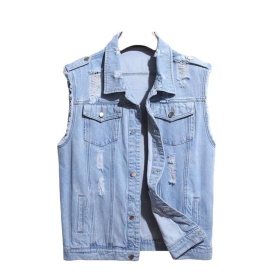 Coucou les fashionistas et les amateurs de style décontracté ! Ce gilet sans manches en jean (ou toile de coton style jean) a un look \déchiré\ et \camionneur\ super tendance. Il est en coton, confortable, se ferme avec des boutons. Tailles disponibles de 36 à 46 (vérifiez le guide des tailles). Il est neuf avec étiquettes, jamais porté. Parfait pour les soirées d'été, les festivals, ou pour ajouter une couche stylée sur un t-shirt. Département homme, coupe standard. Lavable en machine. Si vous aimez le style vintage, travailleur, ou rock, ce gilet est un must-have. Un bon basique qui se marie avec plein de fringues.
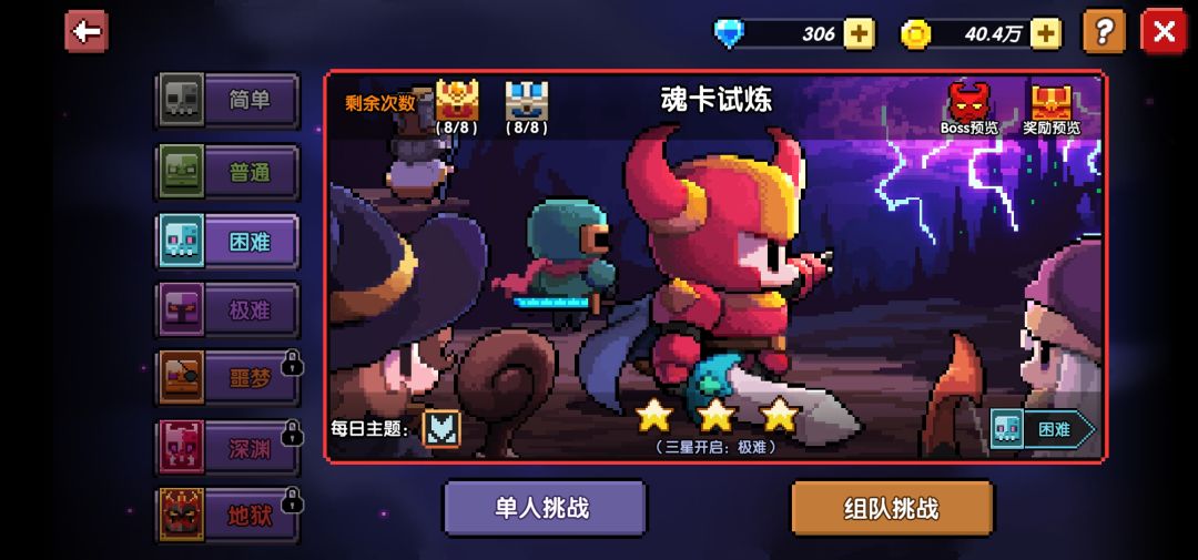 魂卡也是这个游戏重要的一部分,每当三星通关后就能解锁下一个难度,难度越高,掉落的魂卡品级越高,给的灵魂碎片也就越多。
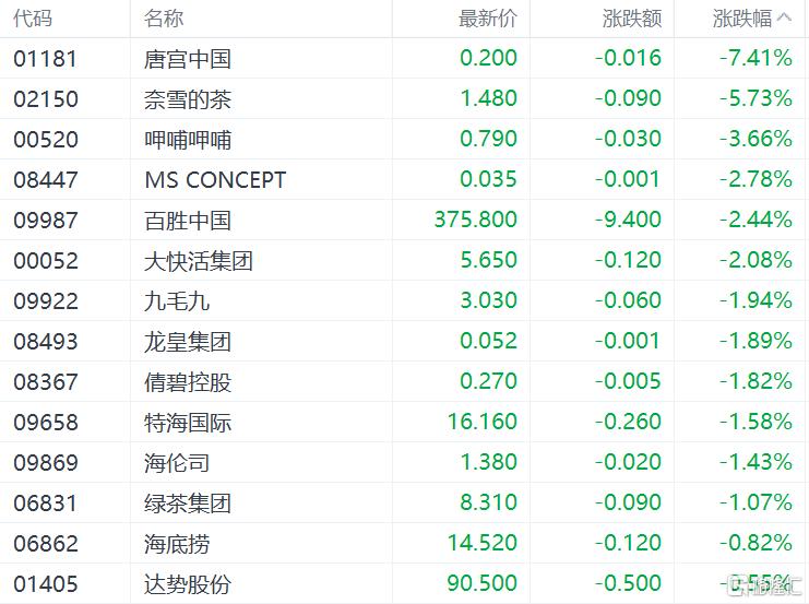 餐饮股下挫,奈雪的茶跌超5%,呷哺呷哺跌超3%,百胜中国、大快活集团跌超2%,九毛九、特海国际、海底捞跟跌。
+--
EXERCISE PROMPT: Please set down the lines above word for word and leave out the pictures.

RESULT OF THIS EXERCISE:
 Coucou les fashionistas et les amateurs de style décontracté ! Ce gilet sans manches en jean (ou toile de coton style jean) a un look \déchiré\ et \camionneur\ super tendance. Il est en coton, confortable, se ferme avec des boutons. Tailles disponibles de 36 à 46 (vérifiez le guide des tailles). Il est neuf avec étiquettes, jamais porté. Parfait pour les soirées d'été, les festivals, ou pour ajouter une couche stylée sur un t-shirt. Département homme, coupe standard. Lavable en machine. Si vous aimez le style vintage, travailleur, ou rock, ce gilet est un must-have. Un bon basique qui se marie avec plein de fringues.
 魂卡也是这个游戏重要的一部分,每当三星通关后就能解锁下一个难度,难度越高,掉落的魂卡品级越高,给的灵魂碎片也就越多。
 餐饮股下挫,奈雪的茶跌超5%,呷哺呷哺跌超3%,百胜中国、大快活集团跌超2%,九毛九、特海国际、海底捞跟跌。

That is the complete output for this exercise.